Wednesday, March 13, 2013

Tattoos by GirlFriday_DMI

Couple of notes before we get started:

1. The art is kinda lame, sorry. It was a quick sketch up for this tut. The inspiration is the tattoo described in The Birth of Venus. I always thought it sounded sexy.
2. I use a full frontal image to do my drawing. When I'm done with the art phase, I'll cut and paste it to fit my meshes. Since there are great tutorials available on matching and placement, I didn't get into that here.
3. This tutorial is really about getting a level of realism into your tattoos.


Step 1
I use Photoshop, but these steps use tools available in any advanced drawing program.

In this step, I opened my body base to sketch on. If you're working from a blank canvas, you should at least have the mesh with one of RLC skins on it so you can keep the shape of the body parts in mind when you're drawing. A straight line will bell up or down when drawn across a thigh, shoulder blades will create angles in lines unless you have pretty full coverage, that kind of thing. You should try to work the shape of the figure into your design. I start by plotting my curves on the body using the Bezier tool.


 

Step 2

I always sketch in grayscale. That goes for anything, tats, clothes, skins. It's easier to color your work later. This way all the shading translates with your recolor. I'm using a 70% gray for my snake lines. In this step I'm just stroking the path I outlined and letting the program simulate pen pressure. I like to do that because it helps me sort out my light source and shadows a little easier.




Step 3

I copied my path and moved it over, correcting some of the jogs and repositioning the head lines to close up the shape.





Step 4

I've filled in some of the detail. The sketch is still rough, but the lights and shadow areas are sorted out, as well as position and the rough details of scales and body mottling. Some notes about light and shadows: in tattoo artistry, white is almost never used. Highlights are usually accomplished by using the base skin tone, or yellows, oranges and reds.

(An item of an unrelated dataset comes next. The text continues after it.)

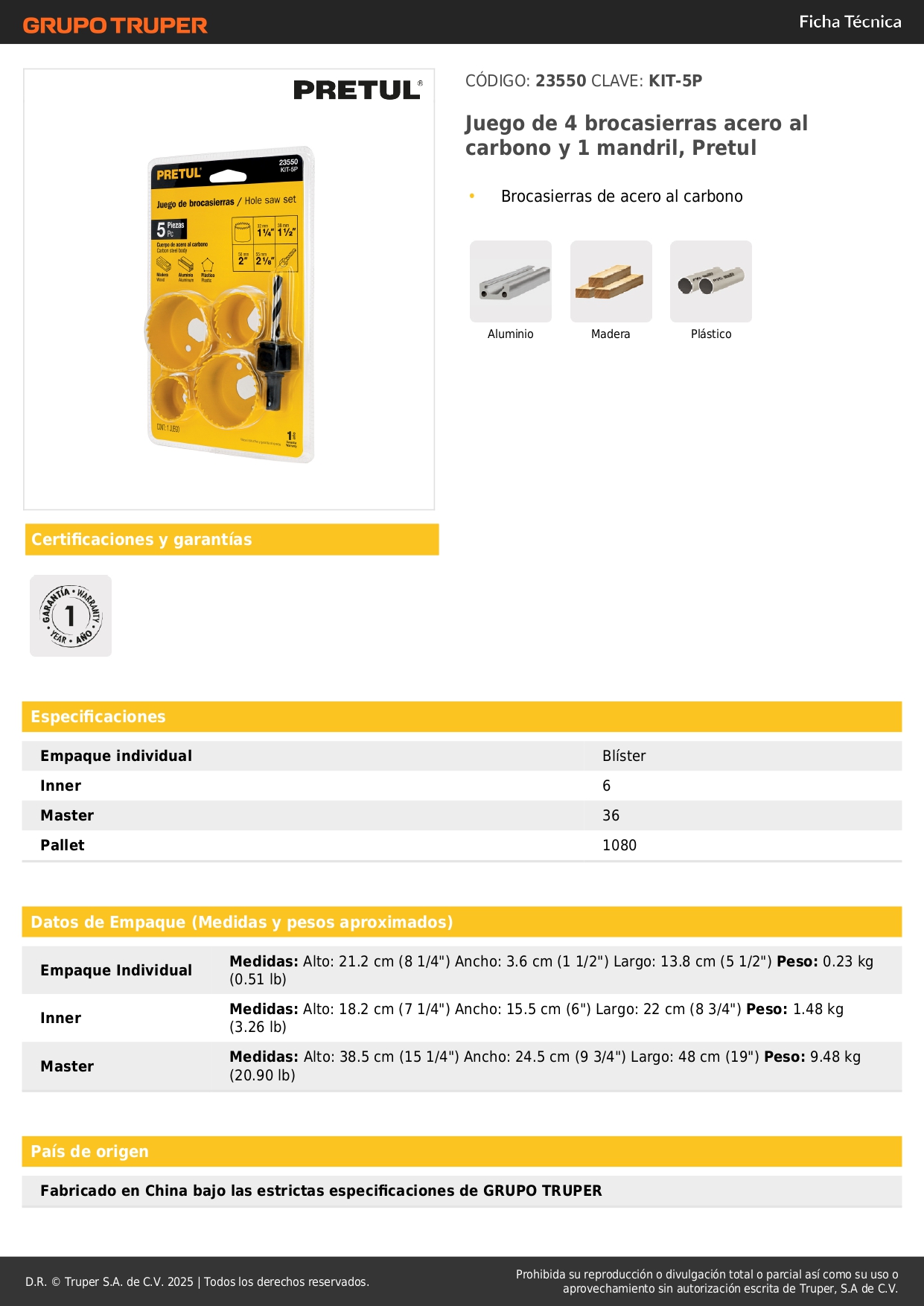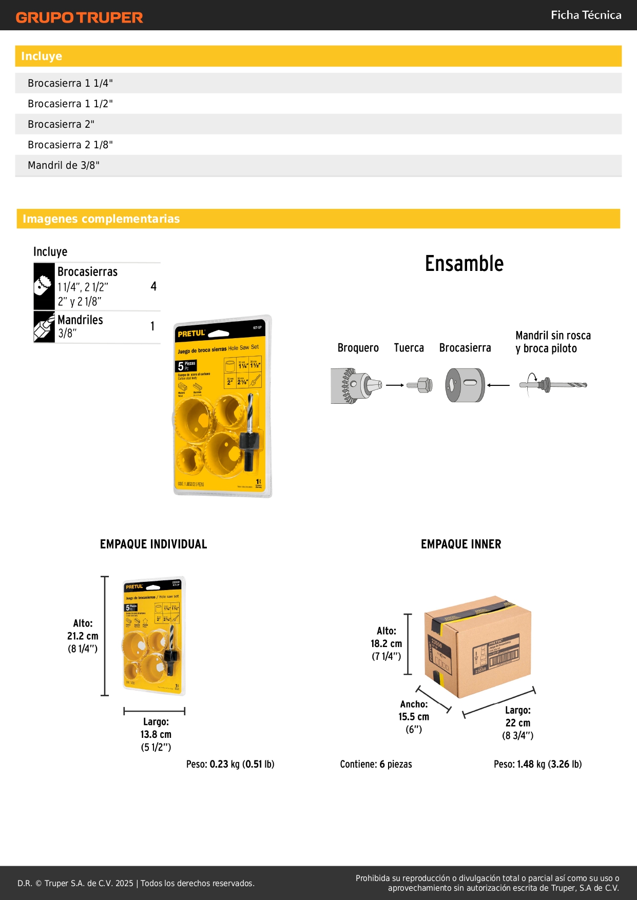 Juego de 4 Brocasierras acero al carbono y 1 mandril, Pretul

Since my snake is going to be green, I'm going to make sure my "lights" are just the base skin tone showing through with a little yellow to bump it up.





Step 5

Since my snake it going to end up green, I wanted to move my base to a sepia tone. (I saved the gray version out though, never know when I might want a blue or a red snake!)Brown will blend into the skin a little better than gray, and I can color burn and dodge to bring out the shading. To reinforce the details I just used the dropper to color match and retraced the hard lines (like the belly design and snake outline) after the color adjustment. Also, I hate the scribble scales so in the next pic you'll see I went back and actually took the time to draw some scales.





Step 6

Snake's done. Notice that I've color burned to deepen all the shadows, and really pick up the scale details. Then I took a smaller brush and highlighted those areas I really wanted the light to hit. Now for the head...




Step 7

The human-outline head is done and I've started to color it. I chose an analogous green color scheme (several shades of green) with van dyke brown and a muted red (like oxblood) for the tongue. This is sort of where you decide if this is a new tattoo, or if it's going to be something you've worn awhile. Colors mute out fairly quickly with tattoos, it doesn't take long to lose all but some red, blue and black pigments, and they'll all fade out heavily. A black tattoo will end up looking almost blue gray. Since the tattoo in the book was described as still being rather brilliant green, I decided to keep the palette fairly bright. Remember that the 'brightest' parts should be your skin.




Step 8

This was the fun part - coloring in. Just like a kids coloring book, paint in the lines!